James Douglas, 3rd Earl of Morton (died 1548) was a Scottish aristocrat.

== Earl of Morton ==
He was a son of John Douglas, 2nd Earl of Morton and a grandson of James Douglas, 1st Earl of Morton and Joan of Scotland, a daughter of James I of Scotland.

He married Catherine Stewart, an illegitimate daughter of King James IV of Scotland by his mistress Marion Boyd. The couple had three daughters; Margaret, Beatrix, and Elizabeth. He was succeeded by his son-in-law, James Douglas, 4th Earl of Morton, husband of his daughter Elizabeth.

His daughter Lady Margaret Douglas married James Hamilton, 2nd Earl of Arran, who was heir presumptive to Mary, Queen of Scots, prior to the birth of her son James in 1566. Beatrix married Robert Maxwell, 6th Lord Maxwell. Morton's three daughters were all affected by mental ill-health.

In 1543, when his son-in-law James Hamilton was Regent of Scotland, Morton lent him money on the security of silver ware, which Regent Arran sent to him at Aberdour Castle.
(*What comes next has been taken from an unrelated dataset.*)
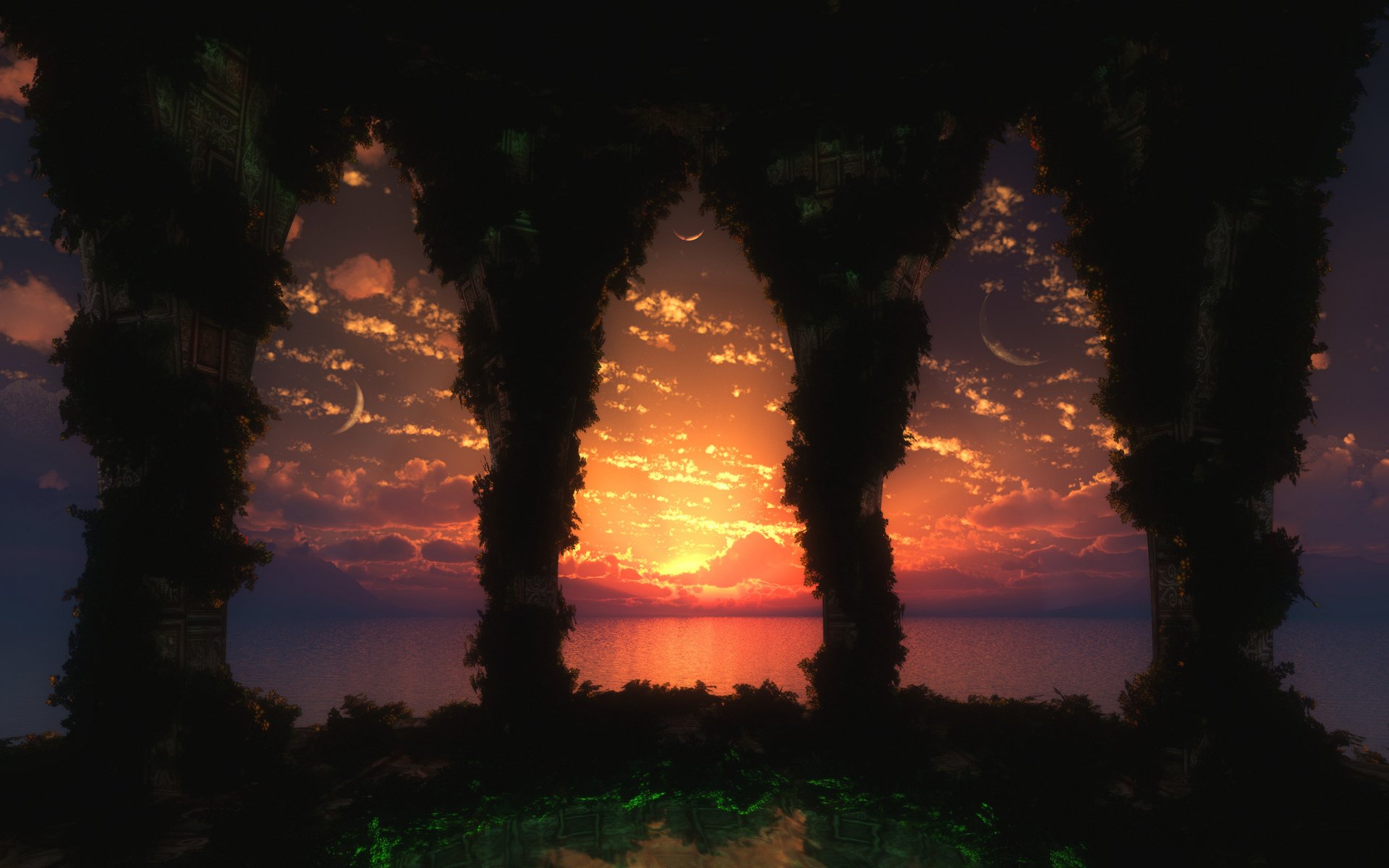 Coucher de soleil sur la mer près de quatuor des arbres

==Resignation at Brechin==
In 1541, King James V ordered the Earl to travel to Inverness and enter ward (house-arrest). But the King met him on his way at Brechin on 17 October 1541. Morton resigned his titles to Dalkeith Palace and its lands to the King, and he was allowed to return home. The legal instrument was witnessed by David Beaton, Thomas Erskine of Haltoun, John Tennent, Oliver Sinclair of Pitcairns, Andrew Wood of Largo, and other prominent courtiers. The lands were immediately granted to Robert Douglas of Lochleven, the husband of the King's former mistress Margaret Erskine. Robert Douglas subsequently resigned the title to James V on 20 January 1542, withholding only Aberdour Castle.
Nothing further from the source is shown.